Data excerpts
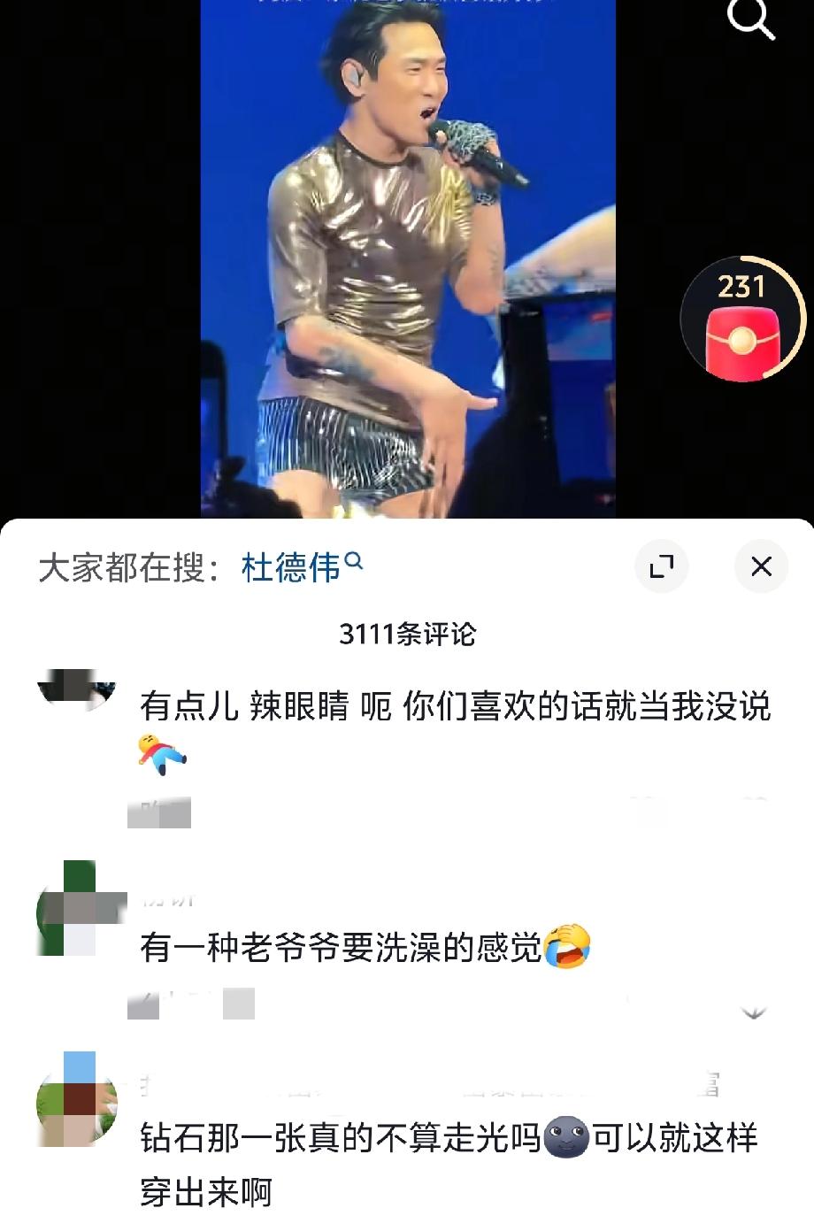 现在咋60多岁的男星也要“擦边”了[捂脸] 64岁的杜德伟,穿着闪亮透视衣配条纹裤登场,嘴里一直唱着“脱掉脱掉脱掉”,然后就这么在舞台上一路扒拉,最后就剩个闪片内裤在那晃悠。台下观众尖叫都快破音了,反应那叫一个激烈。 但说实话,一大早上刷到这视频,真觉得有点辣眼睛。[捂脸][捂脸][捂脸] 看来评论区才知道,这杜德伟还是我们小时候爱看的《第8号当铺》的男主角呢!真没想到多年后再次刷到他,竟然是这副画面,简直不忍直视啊!
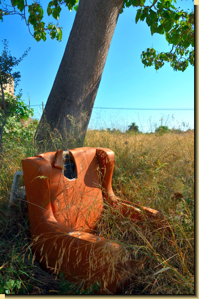 Die verkommene schmale Asphaltstraße erscheint wie ein langer Flickenteppich mit vielen tiefen Löchern, Rissen und Brüchen. Sie wurde in den letzten Jahrzehnten wenig, und wenn, dann lustlos ausgebessert. Mit einer Schaufel wurde dann etwas Asphaltsplit in die Schlaglöcher geworfen, verteilt und mit dem Schaufelrücken plattgeklopft. Es gibt Straßen, die sich in einem so grandios verkommenen Zustand befinden, dass ein weiteres Ausbessern sinnlos wäre, eine ehrenrührige Beleidigung eines jedes Straßenarbeiters. Jeder Benutzer dieser Straße schickt an dieser Stelle ein Stoßgebet zum Himmel, gerade hier, wo eine kleine Kapelle im tief dunklen Schatten alter Platanen steht. Grob gebaut aus Bruchstein, gedeckt mit verblichenen Dachziegeln, die überzogen von ausgetrockneten Flechten sind, wartet diese Haltestelle des Glaubens auf ihre Erlösung. Durch ein Eisengitter vor dem Eingang sieht man in eine finstere Nische, die einen feucht modernden Geruch ausströmt. Zwei weiße Gebetskerzen in durchsichtigen Plastikschälchen flackern vor einem verrußten Heiligen, dessen Identität man nur erraten kann. Der geordnete Zustand der Nische und das Brennen der Kerzen deuten auf jemanden, der sich um dieses Elend kümmert. Links und rechts von der Heiligenfigur stehen in alten gläsernen Orangensaftgefäßen, deren Böden mit weißem Friedhofskies beschwert sind, Sträuße verblichener weißlich-staubiger Plastiklilien. In die Blütenböden sind jeweils gelbliche raue Zapfen als Blütenstempel gesteckt. Die Verbindungen unterschiedlich farbiger Teile dieser Plastikblumen lassen mich an die Legosteine meiner Kindheit denken.
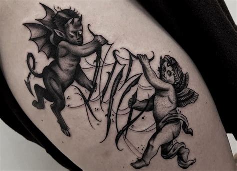This site uses cookies to offer you a better browsing experience. Rate 1000s of pictures of tattoos, submit your own tattoo picture or just rate others See more ideas about angels and demons, demon tattoo, archangel tattoo. Tattoos » cartoon » page 1 » angel vs. The half angel, half demon tattoo designs generally stand for the light and dark.
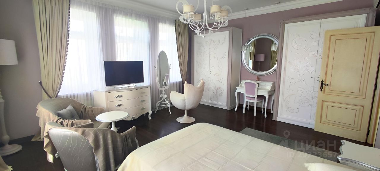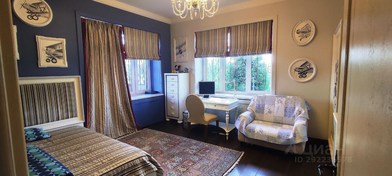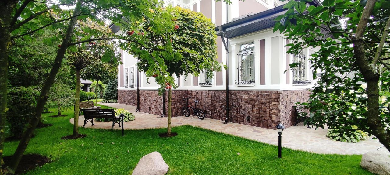 Продается загородный дом премиум класса в коттеджном поселке Покровский по Новорижскому шоссе. Поселок охраняемый, строгая пропускная система. Поблизости расположены школы, фитнес клубы, рестораны, салоны красоты, Участок 13 соток по периметру закрыт от чужих взоров густой зеленью туй. Выполнен ландшафтный дизайн. Дом утопает в зелени селекционных деревьев и растений. На участке находятся: - Особняк 310 м2. - Двухэтажный дом 134 м2 с сауной, хамам, стильной комнатой отдыха на первом этаже и гостевой квартирой с отдельным входом на втором этаже. - Беседка с зоной барбекю и кухонной зоной. Планировка основного дома: Первый этаж: Прихожая с входной дверью из пуленепробиваемого стекла. Холл. Большая гостиная с камином. Кухня. Столовая. Кабинет. Санузел. Бойлерная комната. Гараж на 2 авто. Второй этаж: Мастер-спальня с санузлом и гардеробной. Санузел. Спальня с балконом (балкон с теплым полом). Спальня. Ремонт производился с использованием премиальных и натуральных материалов. Высококачественная сантехника и бытовая техника. Итальянская мебель. В пешей доступности на территории коттеджного поселка находится пруд с пляжной зоной и парк. В непосредственной близости проходит скоростная магистраль: Новорижское шоссе.
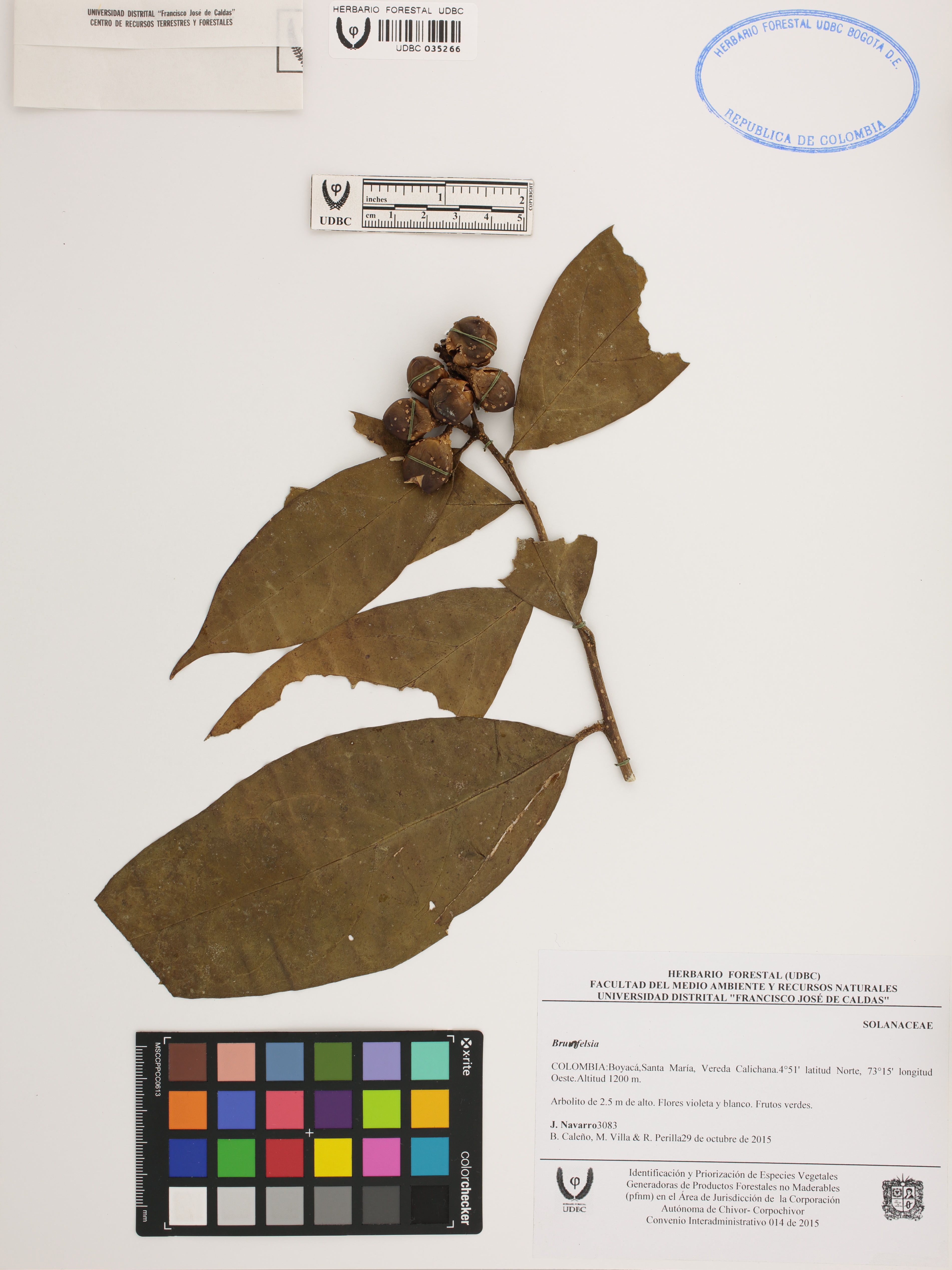 Fotografía del ejemplar Navarro, J. 3038, determinado como Brunfelsia sp.

**Task to complete:** Repeat all of the entries above word for word and omit the pictures.

**Task answer:**
 现在咋60多岁的男星也要“擦边”了[捂脸] 64岁的杜德伟,穿着闪亮透视衣配条纹裤登场,嘴里一直唱着“脱掉脱掉脱掉”,然后就这么在舞台上一路扒拉,最后就剩个闪片内裤在那晃悠。台下观众尖叫都快破音了,反应那叫一个激烈。 但说实话,一大早上刷到这视频,真觉得有点辣眼睛。[捂脸][捂脸][捂脸] 看来评论区才知道,这杜德伟还是我们小时候爱看的《第8号当铺》的男主角呢!真没想到多年后再次刷到他,竟然是这副画面,简直不忍直视啊!
 Die verkommene schmale Asphaltstraße erscheint wie ein langer Flickenteppich mit vielen tiefen Löchern, Rissen und Brüchen. Sie wurde in den letzten Jahrzehnten wenig, und wenn, dann lustlos ausgebessert. Mit einer Schaufel wurde dann etwas Asphaltsplit in die Schlaglöcher geworfen, verteilt und mit dem Schaufelrücken plattgeklopft. Es gibt Straßen, die sich in einem so grandios verkommenen Zustand befinden, dass ein weiteres Ausbessern sinnlos wäre, eine ehrenrührige Beleidigung eines jedes Straßenarbeiters. Jeder Benutzer dieser Straße schickt an dieser Stelle ein Stoßgebet zum Himmel, gerade hier, wo eine kleine Kapelle im tief dunklen Schatten alter Platanen steht. Grob gebaut aus Bruchstein, gedeckt mit verblichenen Dachziegeln, die überzogen von ausgetrockneten Flechten sind, wartet diese Haltestelle des Glaubens auf ihre Erlösung. Durch ein Eisengitter vor dem Eingang sieht man in eine finstere Nische, die einen feucht modernden Geruch ausströmt. Zwei weiße Gebetskerzen in durchsichtigen Plastikschälchen flackern vor einem verrußten Heiligen, dessen Identität man nur erraten kann. Der geordnete Zustand der Nische und das Brennen der Kerzen deuten auf jemanden, der sich um dieses Elend kümmert. Links und rechts von der Heiligenfigur stehen in alten gläsernen Orangensaftgefäßen, deren Böden mit weißem Friedhofskies beschwert sind, Sträuße verblichener weißlich-staubiger Plastiklilien. In die Blütenböden sind jeweils gelbliche raue Zapfen als Blütenstempel gesteckt. Die Verbindungen unterschiedlich farbiger Teile dieser Plastikblumen lassen mich an die Legosteine meiner Kindheit denken.
This site uses cookies to offer you a better browsing experience. Rate 1000s of pictures of tattoos, submit your own tattoo picture or just rate others See more ideas about angels and demons, demon tattoo, archangel tattoo. Tattoos » cartoon » page 1 » angel vs. The half angel, half demon tattoo designs generally stand for the light and dark.
 Продается загородный дом премиум класса в коттеджном поселке Покровский по Новорижскому шоссе. Поселок охраняемый, строгая пропускная система. Поблизости расположены школы, фитнес клубы, рестораны, салоны красоты, Участок 13 соток по периметру закрыт от чужих взоров густой зеленью туй. Выполнен ландшафтный дизайн. Дом утопает в зелени селекционных деревьев и растений. На участке находятся: - Особняк 310 м2. - Двухэтажный дом 134 м2 с сауной, хамам, стильной комнатой отдыха на первом этаже и гостевой квартирой с отдельным входом на втором этаже. - Беседка с зоной барбекю и кухонной зоной. Планировка основного дома: Первый этаж: Прихожая с входной дверью из пуленепробиваемого стекла. Холл. Большая гостиная с камином. Кухня. Столовая. Кабинет. Санузел. Бойлерная комната. Гараж на 2 авто. Второй этаж: Мастер-спальня с санузлом и гардеробной. Санузел. Спальня с балконом (балкон с теплым полом). Спальня. Ремонт производился с использованием премиальных и натуральных материалов. Высококачественная сантехника и бытовая техника. Итальянская мебель. В пешей доступности на территории коттеджного поселка находится пруд с пляжной зоной и парк. В непосредственной близости проходит скоростная магистраль: Новорижское шоссе.
 Fotografía del ejemplar Navarro, J. 3038, determinado como Brunfelsia sp.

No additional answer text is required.